-- DATA TO USE --
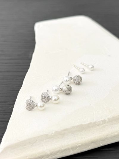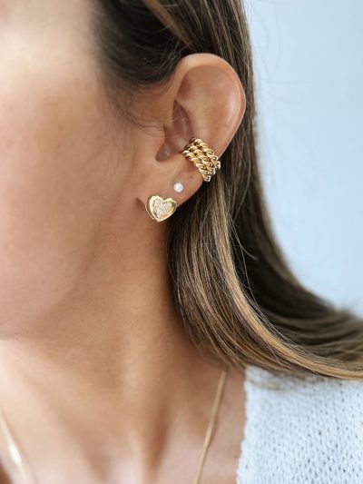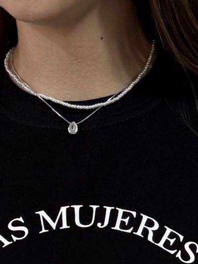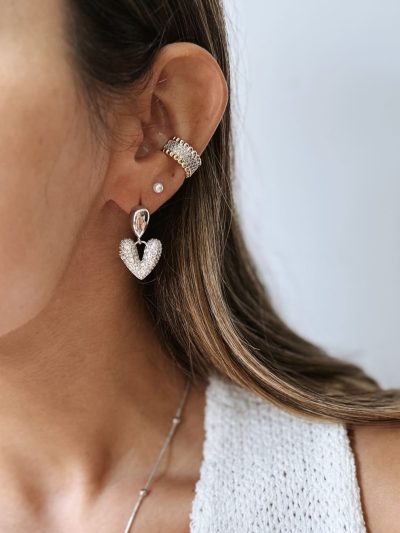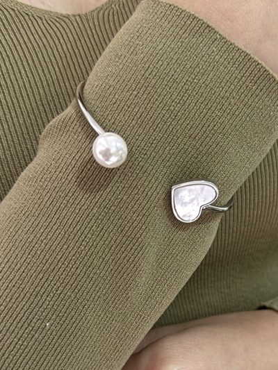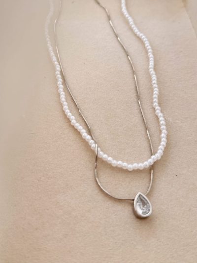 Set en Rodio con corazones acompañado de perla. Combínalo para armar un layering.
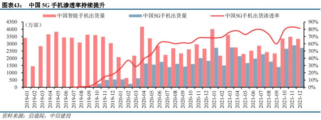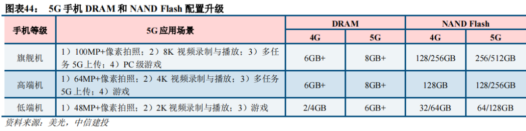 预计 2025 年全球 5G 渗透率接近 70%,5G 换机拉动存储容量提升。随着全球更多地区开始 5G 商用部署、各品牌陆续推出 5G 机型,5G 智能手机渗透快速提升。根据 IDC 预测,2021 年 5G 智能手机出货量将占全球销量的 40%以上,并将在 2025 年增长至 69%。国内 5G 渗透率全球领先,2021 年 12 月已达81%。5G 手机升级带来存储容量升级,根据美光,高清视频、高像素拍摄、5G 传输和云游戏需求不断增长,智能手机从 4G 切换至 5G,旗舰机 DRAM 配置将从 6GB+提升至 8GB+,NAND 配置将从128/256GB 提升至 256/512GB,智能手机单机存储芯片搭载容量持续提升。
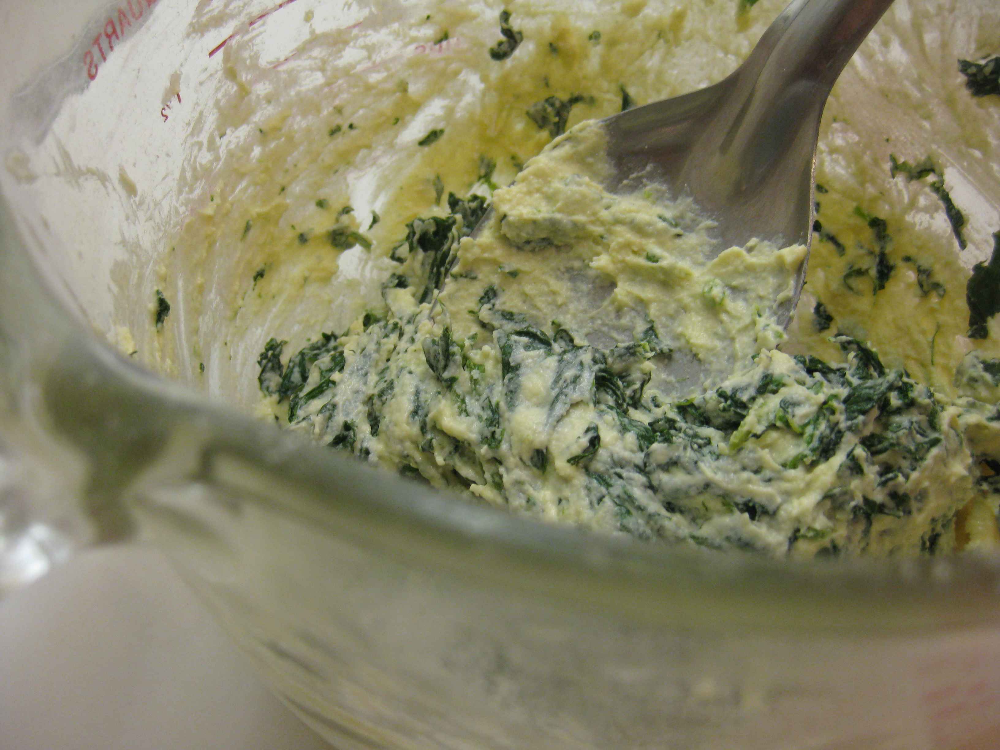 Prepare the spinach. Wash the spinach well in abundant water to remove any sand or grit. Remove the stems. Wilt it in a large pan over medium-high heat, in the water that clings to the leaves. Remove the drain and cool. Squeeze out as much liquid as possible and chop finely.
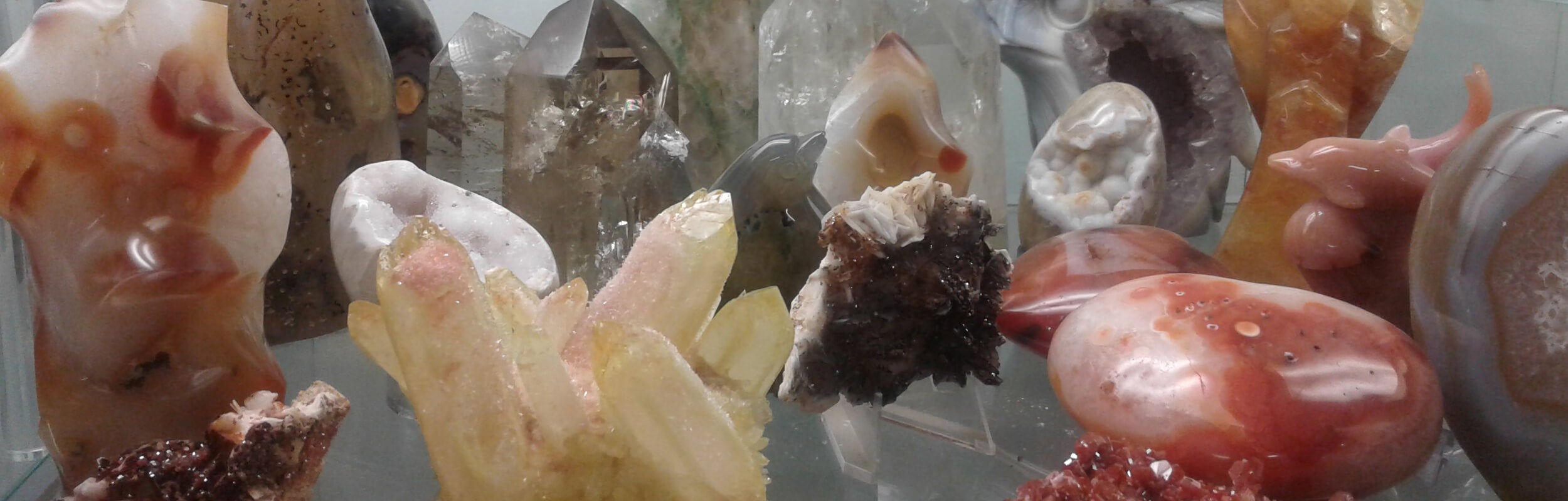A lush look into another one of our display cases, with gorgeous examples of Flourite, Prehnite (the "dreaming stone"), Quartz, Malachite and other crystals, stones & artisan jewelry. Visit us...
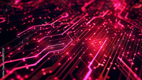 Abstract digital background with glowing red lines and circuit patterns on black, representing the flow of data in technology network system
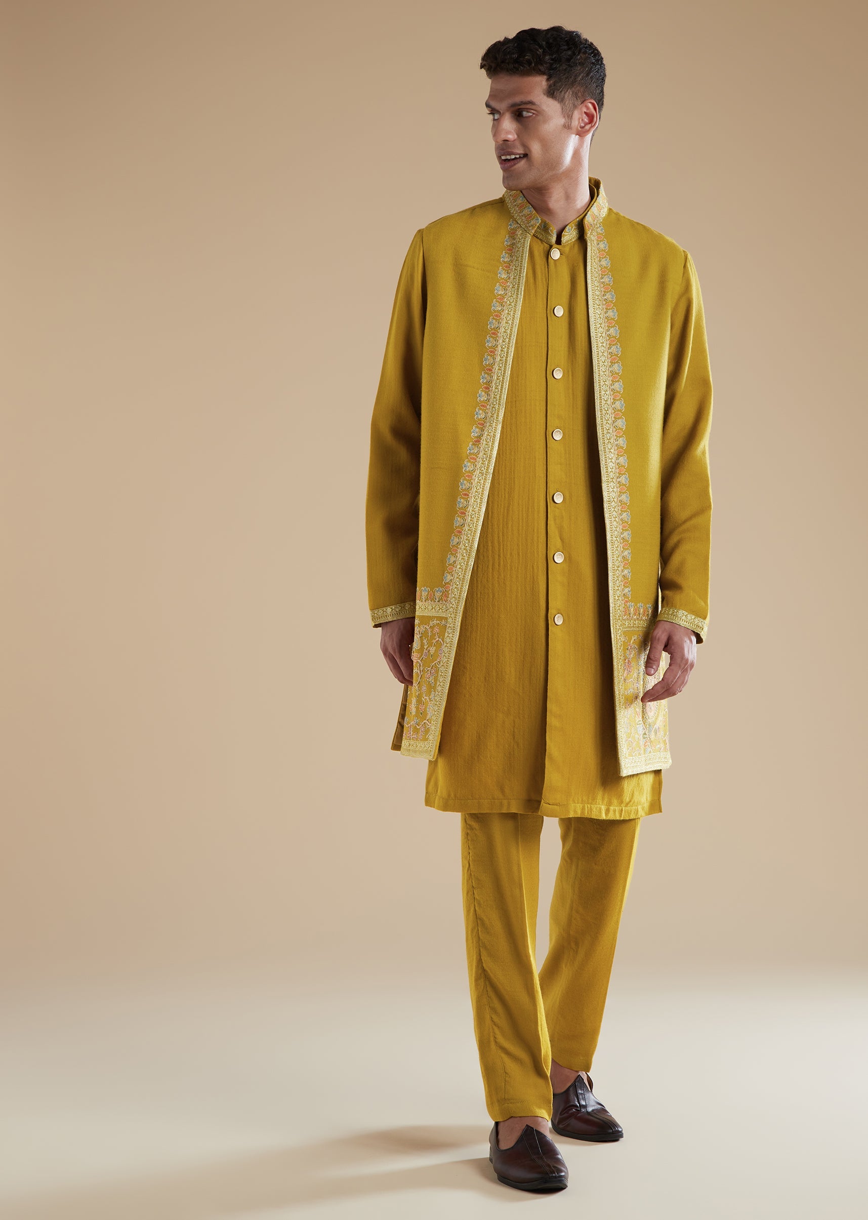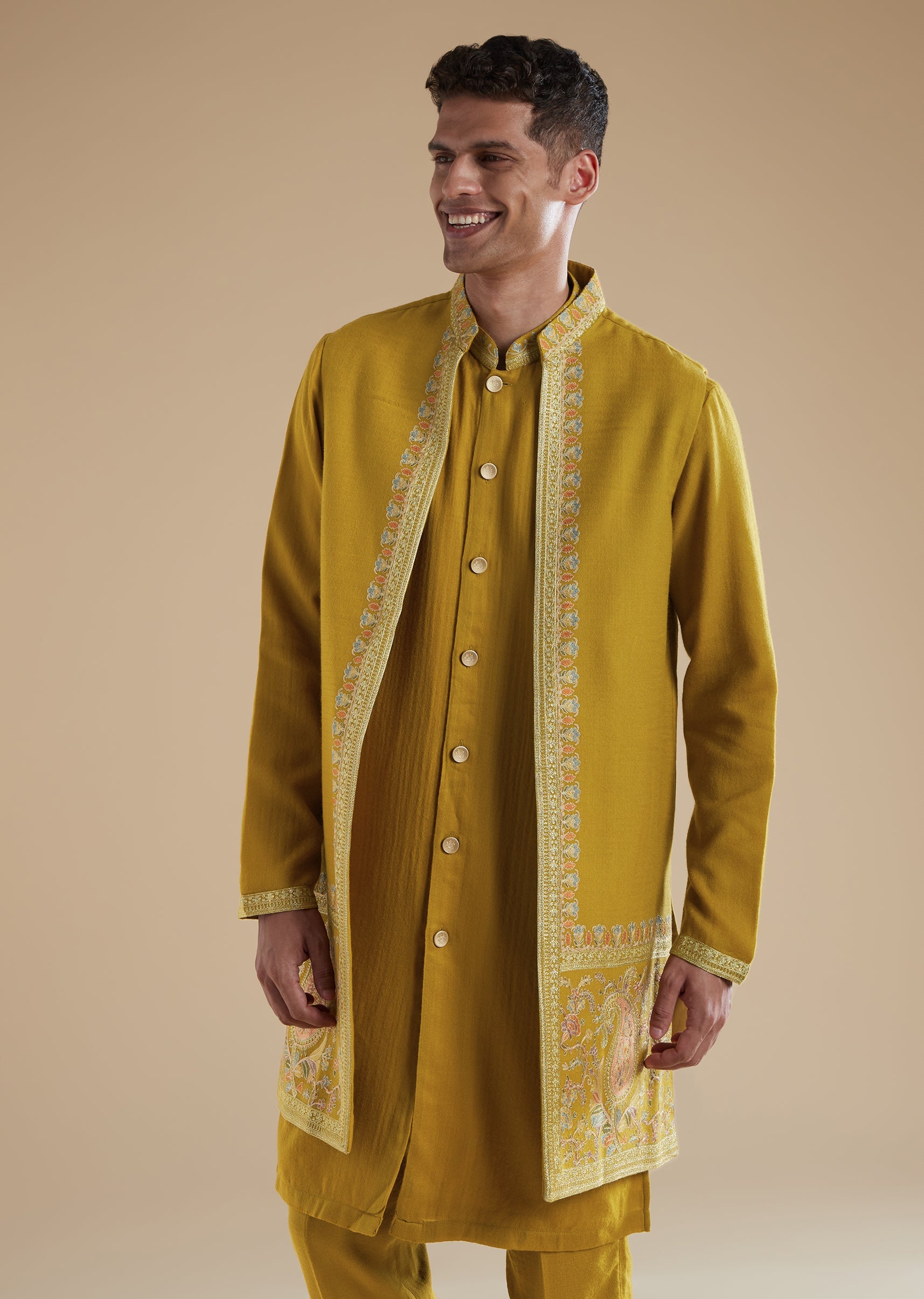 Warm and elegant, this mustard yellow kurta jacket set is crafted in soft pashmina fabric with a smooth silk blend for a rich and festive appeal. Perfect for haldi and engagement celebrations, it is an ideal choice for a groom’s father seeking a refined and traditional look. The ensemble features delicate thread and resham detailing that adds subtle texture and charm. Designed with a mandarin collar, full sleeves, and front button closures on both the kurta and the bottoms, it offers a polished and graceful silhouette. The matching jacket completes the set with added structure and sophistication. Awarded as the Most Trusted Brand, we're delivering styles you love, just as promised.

...

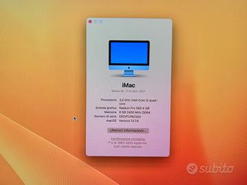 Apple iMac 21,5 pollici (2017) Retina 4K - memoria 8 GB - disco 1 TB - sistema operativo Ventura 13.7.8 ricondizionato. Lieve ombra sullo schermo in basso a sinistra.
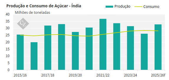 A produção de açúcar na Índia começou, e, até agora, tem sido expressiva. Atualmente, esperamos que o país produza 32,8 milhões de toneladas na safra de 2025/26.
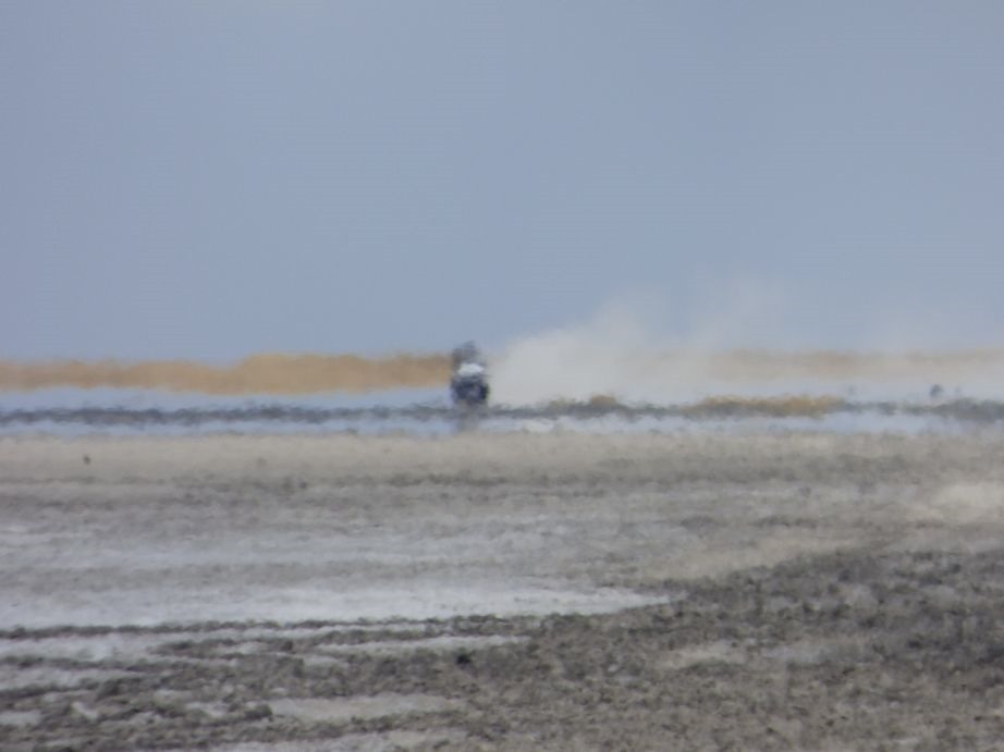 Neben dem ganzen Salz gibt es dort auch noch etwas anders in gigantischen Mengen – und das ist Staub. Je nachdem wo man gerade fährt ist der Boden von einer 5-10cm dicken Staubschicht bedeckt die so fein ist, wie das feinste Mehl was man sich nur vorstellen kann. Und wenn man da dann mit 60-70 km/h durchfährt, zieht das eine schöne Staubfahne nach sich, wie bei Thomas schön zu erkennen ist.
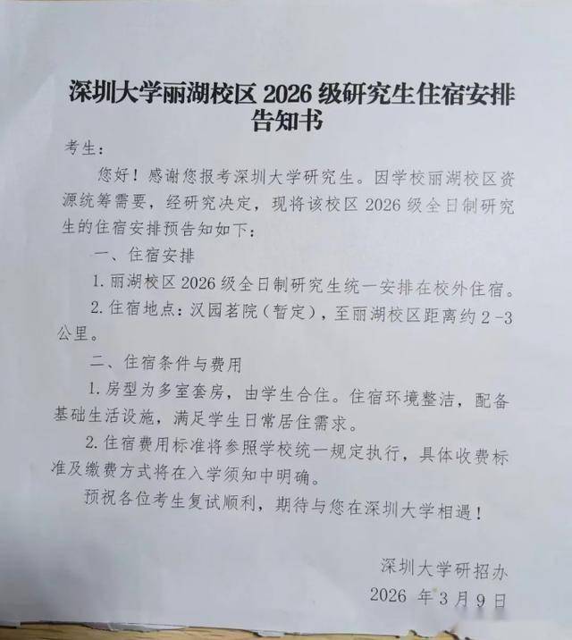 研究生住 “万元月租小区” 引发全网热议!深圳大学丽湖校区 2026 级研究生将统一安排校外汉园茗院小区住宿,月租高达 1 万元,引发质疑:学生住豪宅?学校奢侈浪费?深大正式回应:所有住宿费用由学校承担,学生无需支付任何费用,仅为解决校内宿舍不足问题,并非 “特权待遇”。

* * *

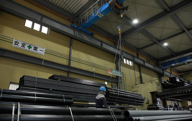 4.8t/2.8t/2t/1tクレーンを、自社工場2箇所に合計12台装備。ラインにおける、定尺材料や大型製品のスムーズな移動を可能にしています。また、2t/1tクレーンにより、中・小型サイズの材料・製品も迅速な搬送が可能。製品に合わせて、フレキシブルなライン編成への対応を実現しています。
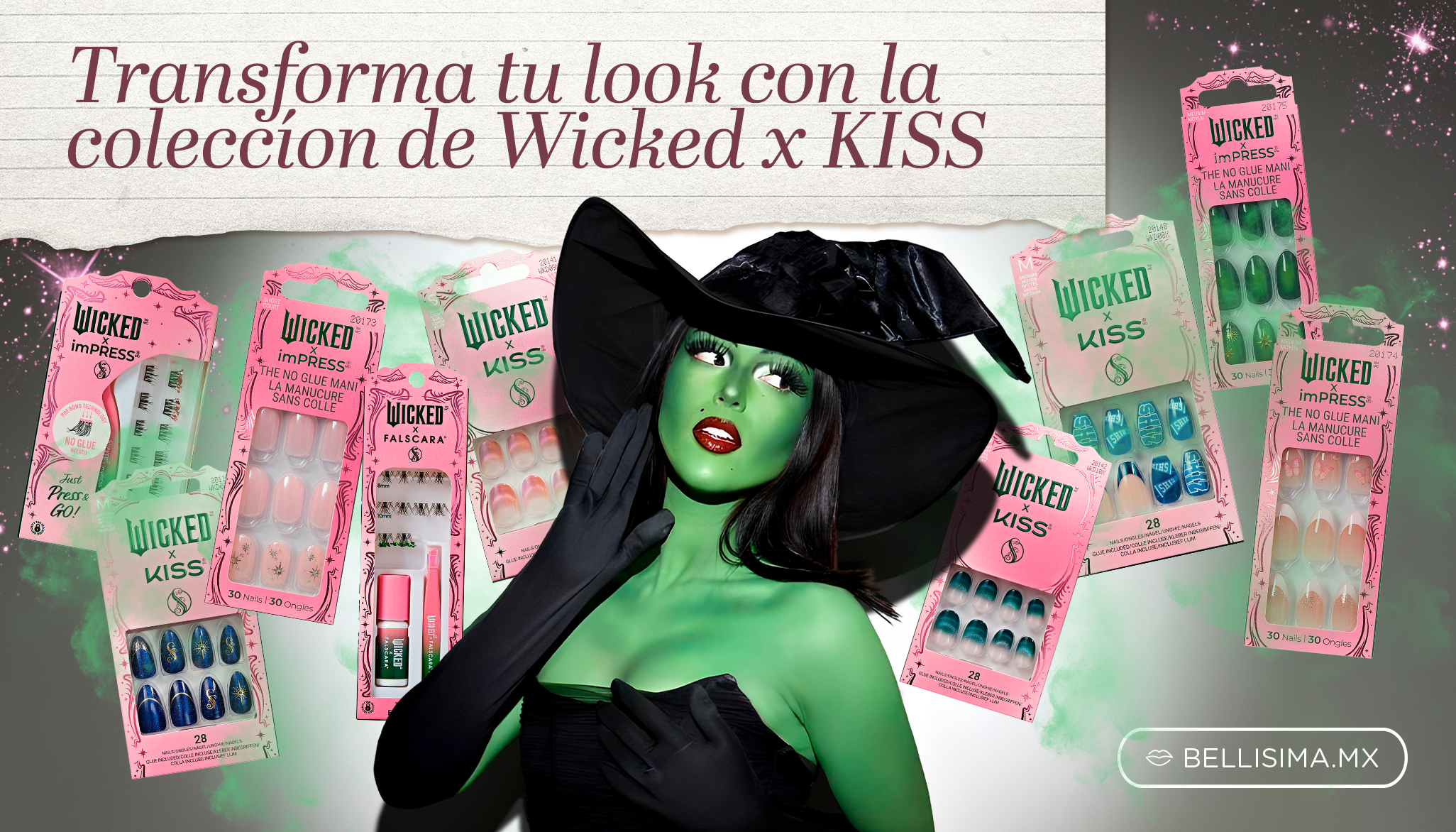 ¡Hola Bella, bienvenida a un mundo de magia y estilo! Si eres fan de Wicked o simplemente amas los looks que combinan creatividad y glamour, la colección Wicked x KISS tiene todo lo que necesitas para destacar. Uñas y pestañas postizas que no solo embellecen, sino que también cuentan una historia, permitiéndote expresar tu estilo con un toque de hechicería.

-- TO DO --
Copy the lines above exactly, starting at the one with "4.8t/2.8t/2t/1" and ending at the one with "toque de hechicería.", both included. Leave out any pictures and add nothing else.

-- RESPONSE AREA --
 4.8t/2.8t/2t/1tクレーンを、自社工場2箇所に合計12台装備。ラインにおける、定尺材料や大型製品のスムーズな移動を可能にしています。また、2t/1tクレーンにより、中・小型サイズの材料・製品も迅速な搬送が可能。製品に合わせて、フレキシブルなライン編成への対応を実現しています。
 ¡Hola Bella, bienvenida a un mundo de magia y estilo! Si eres fan de Wicked o simplemente amas los looks que combinan creatividad y glamour, la colección Wicked x KISS tiene todo lo que necesitas para destacar. Uñas y pestañas postizas que no solo embellecen, sino que también cuentan una historia, permitiéndote expresar tu estilo con un toque de hechicería.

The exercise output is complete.